Hard to blame MA public schools because they have more to offer....I remember that commercial: "don't hate me because I am beautiful" well sort of like that! LOL

It's all about the money. Why do you think McMee fought to change the way the education money was divided among the state a few years back? It wasn't because Cumberland needed it, it was because he needed more money to run his pet peeve of a school. If the per pupil spending increased it would increase money for his school. So many thought he was fighting for the town public schools but in reality the intention was to fund his.

CumberlandFacts: To be clear, I wasn’t suggesting sending Cumberland students to those schools. I was suggesting that within that list are highly successful local schools which could serve as exemplars for how to run a highly successful school. Assuming of course that was the aim of BVP.

My point is: Was it necessary to create a new school (at significant expense) to duplicate the results others have achieved elsewhere? As to the lottery “selection” I’d say there is a selection in a lottery. It’s not pre-determined but it is a selection. Some people get chosen, many do not. Not everyone wins Powerball. By the same token not everyone who enters the BVP lottery gets to go to BVP. The choice may be random but it is nonetheless a choice.

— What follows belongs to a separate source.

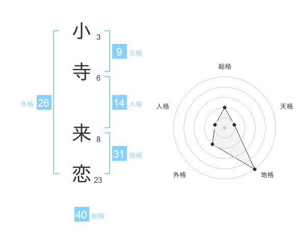 小寺 来恋さんを姓名の画数から五運を鑑定

It’s hard to argue with the results BVP has achieved but everyone who is concerned about taxes should be cognizant of the fact that since the inception of BVP Cumberland taxpayers have been responsible for supporting two school systems (three if you count Central Falls but everyone is RI bears that burden). BVP will not replace the Cumberland School system any time soon, if at all. And in the meantime we’re on the hook for two school systems. Right, wrong, or indifferent that’s an expensive proposition.